Molecular cloning and sequencing

The Aldolase gene region was amplified from wild-type and M4 genomic DNA by PCR, using primers specific to exons 1–3, 3–7, and 8–10. These PCR products were sequenced with the PCR primers as well as additional sequencing primers. Aldolase cDNA clone LD37852 was acquired from the Drosophila Genome Resource Center (DGRC), the insert was cloned into a mini-white marked pUAS plasmid and integrated on the second chromosome using standard ψC31 mediated integration techniques (Groth et al., 2004; Bischof et al., 2007).

ATP Assays

Flies were shifted to 28°C two days post-eclosion. After 5 days, flies were snap-frozen on dry ice. 8 thoraces were ground in 6M Guanidine-HCl, in duplicate, followed by two freeze-thaw cycles in liquid nitrogen and boiling for 3 minutes. Debris was removed by centrifugation at 14k at 4C. Supernatants were diluted 1:20 in 100mM Tris, 4mM EDTA, pH 7.8 for protein assay (in triplicate), and 1:300 for ATP assay (in triplicate) using the bioluminescence Molecular Probes ATP Determination Kit (A22066), following the manufacturers recommendations. Plates were read on a Biotek multimode microplate reader, and luminescence values were normalized by protein content. Means and standard errors of the means were determined from normalized values. Statistical significance was determined using a two tailed student’s t- test.

Western blot analysis

Six-day old flies maintained at 28°C were snap frozen in liquid nitrogen, and heads were separated from bodies by centrifugation. Approximately 10 heads were ground in PBS 0.1% Triton-X with protease inhibitors using a mechanized kontex pestle on ice. Debris was removed by centrifugation at 14,000 rpm at 4° C. 30μg of extracted protein were resolved via 10% SDS/PAGE, and transferred to PVDF membranes. Membranes were cut and appropriate regions were probed using primary antbodies: rabbit polyclonal anti-Aldoase (Cell Signalling #3188, 1:1,000) and rabbit polyclonal anti-Tpi (Proteintech Group #10713, 1:1,000), and secondary antibody: IRDye 800CW donkey anti-rabbit (Li-Cor, 1:20,000).
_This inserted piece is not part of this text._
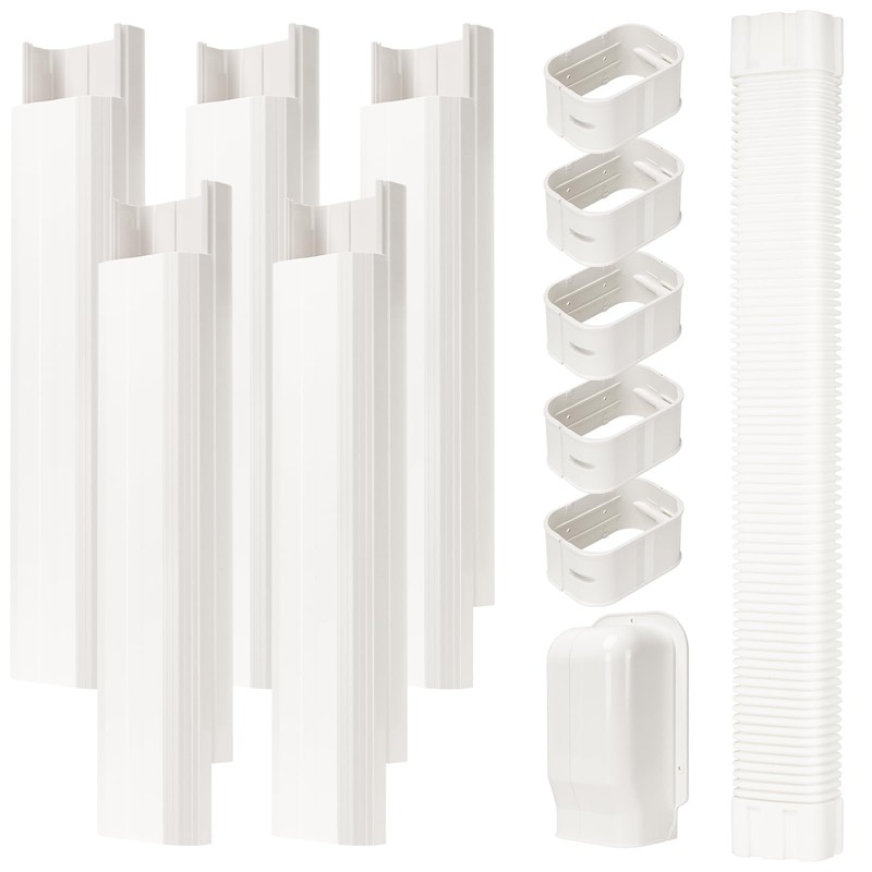 - 【Great Value Set 4“*7Feet】Our line cover is totally sized with 4’’*7 feet, including 5*1.41 feet straight ducts longer than similar products in the market. This PVC line set also includes most integrated parts, more parts than others. With our combination, no need to buy other parts separately.
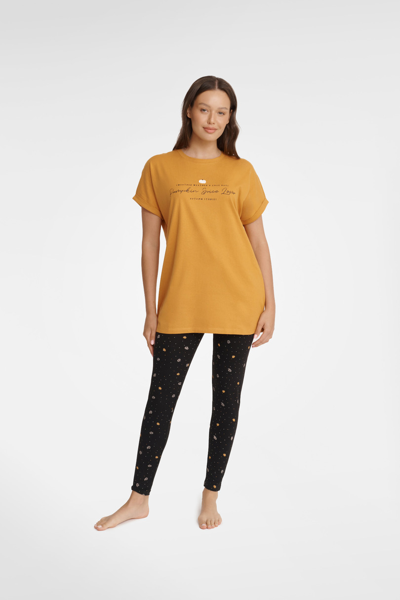 Piżama damska z krótkim rękawem, z przodu nadruk. Spodnie długie, obcisłe, w pasie szekora guma. Skład koszulka: 100% bawełna, spodnie 95% bawełna, 5% elastan.

Membranes were scanned using a Li-Cor Odyssey™ infrared laser scanner.

Results

Mapping and molecular identification of a new mutant exhibiting age-dependent neurodegeneration

To identify new mutants manifesting neurodegeneration, we re-screened our collection of ts- paralytic mutants by direct histological analysis. This screen revealed that m4, a recessive mutation on the third chromosome, exhibited progressive, age-dependent neurodegeneration (vacuolar pathology in central brain and optic lobes). These phenotypes are associated with a lifespan defect that reduces the survival midpoint at 29°C from 30 days to 10 days (see below).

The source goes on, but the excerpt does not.